◆ **WHAT YOU ARE ASKED TO DO**:
Pictures are not part of the copy. Write out exactly the lines from the line with "フリーフォール中の暴力的とも" through the end of the entries below.
-- PROVIDED RECORDS follows --
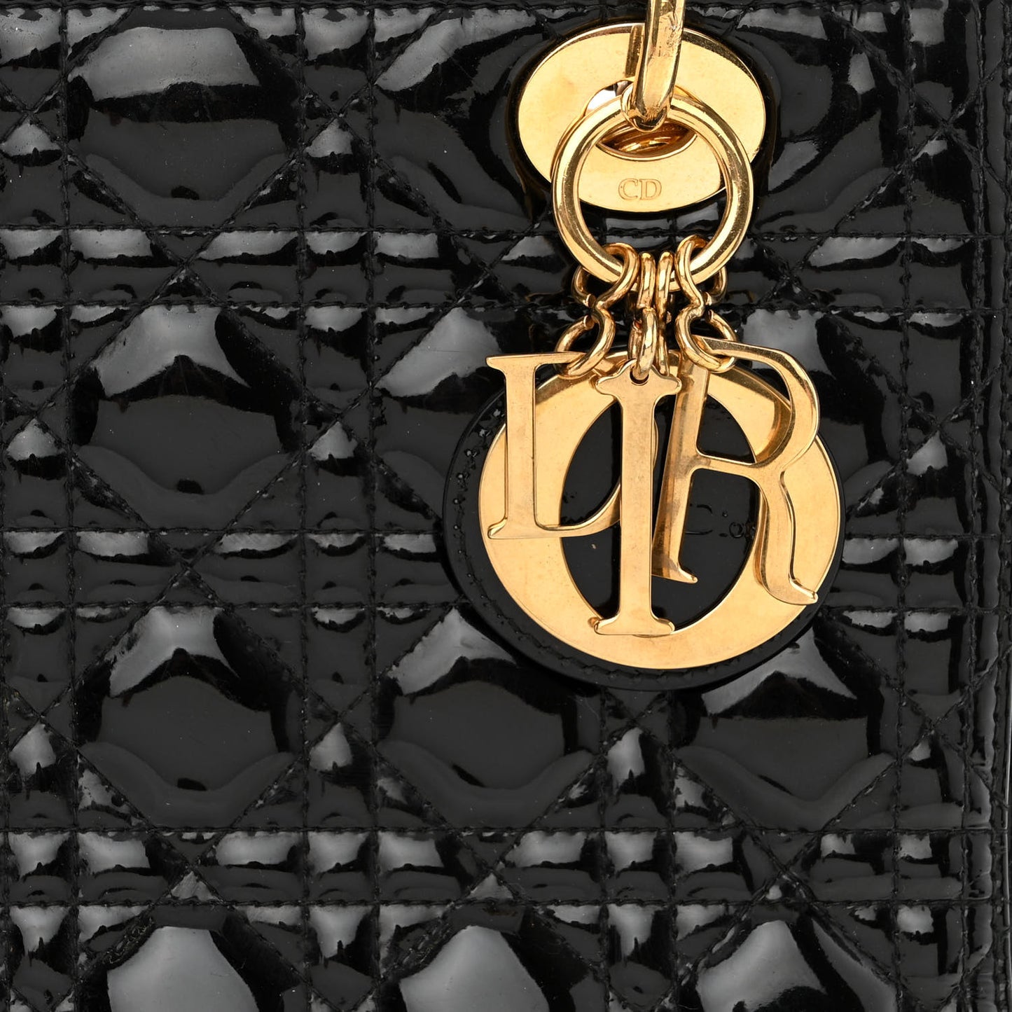 This is an authentic CHRISTIAN DIOR Patent Cannage Medium Lady Dior in Black. This chic tote is crafted of geometric quilted patent leather in black. The handbag features an optional adjustable shoulder strap, sturdy patent leather top handles with gold hardware, and hanging Dior logo charms. The top zipper opens to a gray monogrammed fabric interior with a zipper pocket.Follow this item for alerts. Christian Dior is a registered trademark of Christian Dior. FASHIONPHILE is not affiliated with Christian Dior.
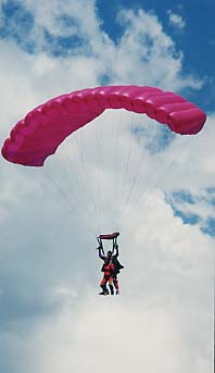 フリーフォール中の暴力的とも言える高揚感とは別の、リラックスした感覚が味わえるのがパラシュート降下だとも言える。
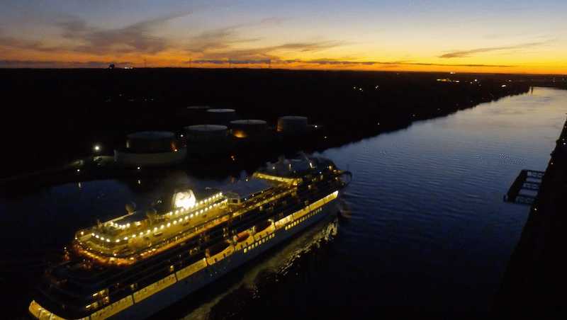 The 750-foot cruise ship Viking Star traversed the Cape Cod Canal on Wednesday night becoming one of the largest ships ever to make the transit.
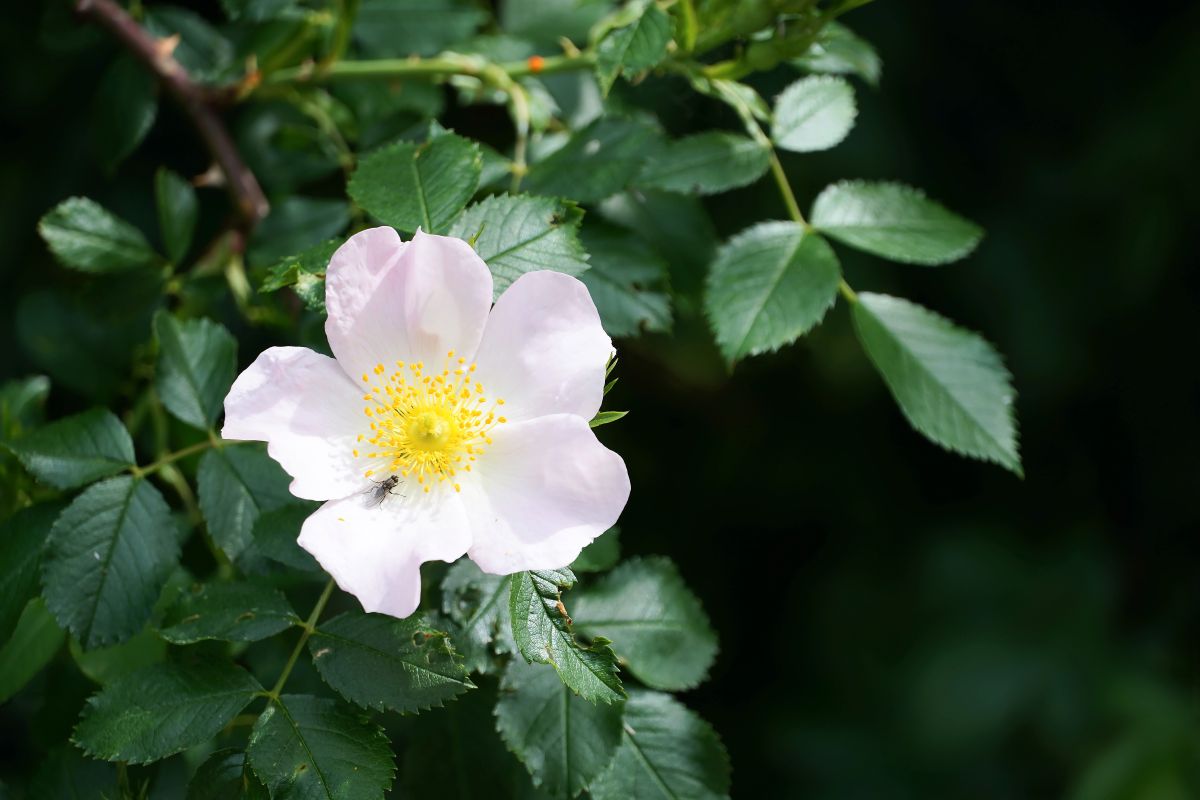 Aus der Hagerose mit rosa-weisslichen Blüten vor dem Laub werden schmackhafte Beeren. Fotos: Jürg Baeder
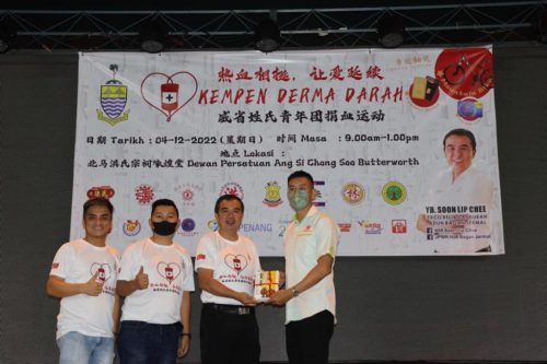 “此外,“热血相挺,让爱延续“ 捐血活动意义重大,这是槟城发展机构连同我的办公室(青年及体育行政办公室及服务中心)首次与八大姓氏青年团及各个组织联手举办的一项活动。明天12月5日是国际义工日, 今天前来协助的工作人员有超过50位,在场的他们都是来自不同非政府组织(NGO)的志工,从数个月前就开始为今天的活动进行筹备,他们贡献自己的力量为社会付出,非常值得赞许。”
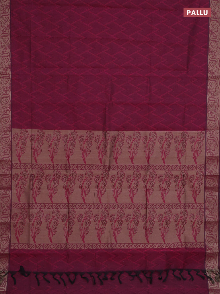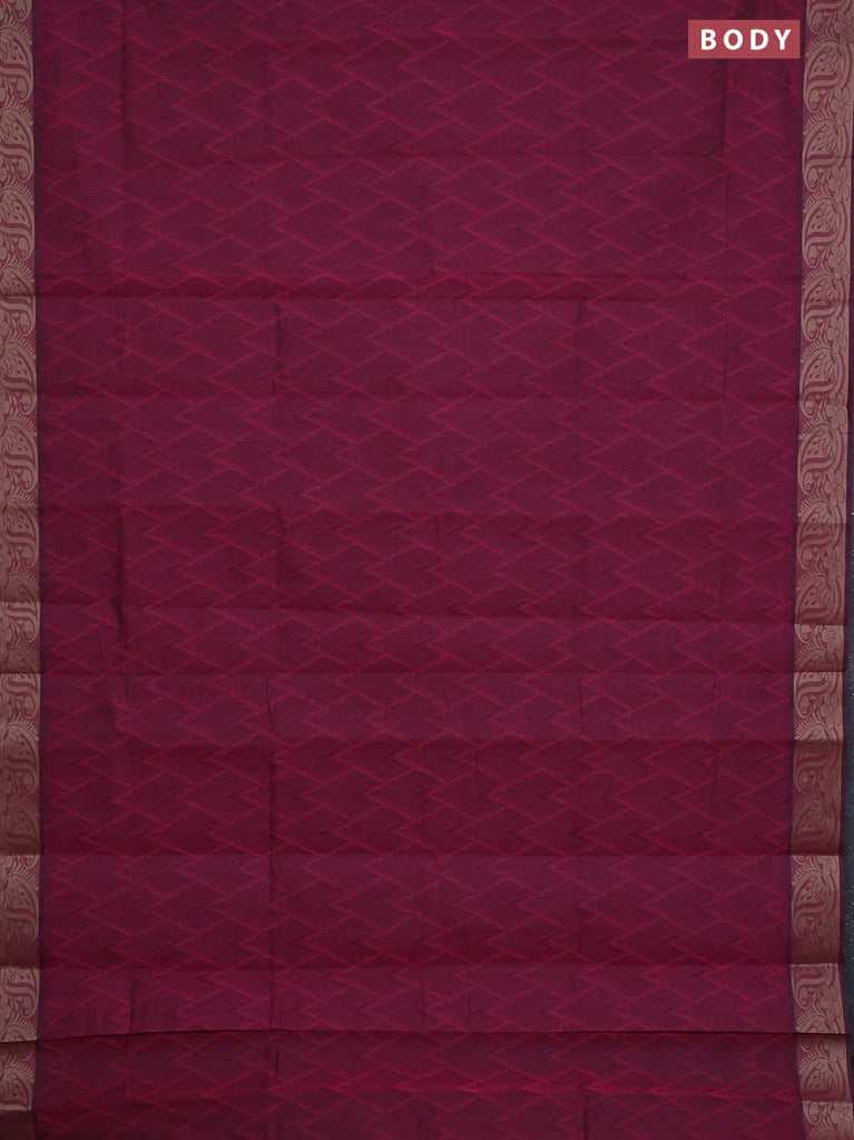 Coimbatore cotton saree dark magenta pink with allover self emboss and thread woven border
-- PROVIDED RECORDS concluded --
◆ **EXERCISE RESPONSE**:
 フリーフォール中の暴力的とも言える高揚感とは別の、リラックスした感覚が味わえるのがパラシュート降下だとも言える。
 The 750-foot cruise ship Viking Star traversed the Cape Cod Canal on Wednesday night becoming one of the largest ships ever to make the transit.
 Aus der Hagerose mit rosa-weisslichen Blüten vor dem Laub werden schmackhafte Beeren. Fotos: Jürg Baeder
 “此外,“热血相挺,让爱延续“ 捐血活动意义重大,这是槟城发展机构连同我的办公室(青年及体育行政办公室及服务中心)首次与八大姓氏青年团及各个组织联手举办的一项活动。明天12月5日是国际义工日, 今天前来协助的工作人员有超过50位,在场的他们都是来自不同非政府组织(NGO)的志工,从数个月前就开始为今天的活动进行筹备,他们贡献自己的力量为社会付出,非常值得赞许。”
 Coimbatore cotton saree dark magenta pink with allover self emboss and thread woven border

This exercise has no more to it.